> **What you are asked to do**: Among the records that follow, find the line with "那要電到腦阿 而且如果不小心 把腦細胞煮熟了" and the line with "up greedily. |". Set down those lines and all lines between them exactly, without adding anything.

> **Listed entries**:
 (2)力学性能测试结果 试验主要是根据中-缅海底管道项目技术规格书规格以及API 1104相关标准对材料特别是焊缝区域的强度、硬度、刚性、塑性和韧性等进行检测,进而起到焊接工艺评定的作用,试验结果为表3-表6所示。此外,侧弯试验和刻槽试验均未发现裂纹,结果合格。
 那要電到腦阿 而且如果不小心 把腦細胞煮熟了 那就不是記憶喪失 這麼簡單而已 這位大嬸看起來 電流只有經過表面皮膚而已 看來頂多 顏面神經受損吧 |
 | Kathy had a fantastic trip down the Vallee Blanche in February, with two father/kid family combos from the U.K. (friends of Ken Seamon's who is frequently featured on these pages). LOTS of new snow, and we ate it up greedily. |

==

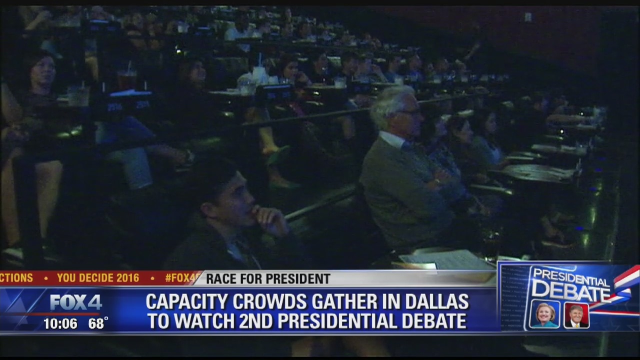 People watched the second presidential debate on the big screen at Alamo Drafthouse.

--

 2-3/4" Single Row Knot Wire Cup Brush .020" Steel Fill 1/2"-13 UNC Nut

> **Exercise answer**:
 那要電到腦阿 而且如果不小心 把腦細胞煮熟了 那就不是記憶喪失 這麼簡單而已 這位大嬸看起來 電流只有經過表面皮膚而已 看來頂多 顏面神經受損吧 |
 | Kathy had a fantastic trip down the Vallee Blanche in February, with two father/kid family combos from the U.K. (friends of Ken Seamon's who is frequently featured on these pages). LOTS of new snow, and we ate it up greedily. |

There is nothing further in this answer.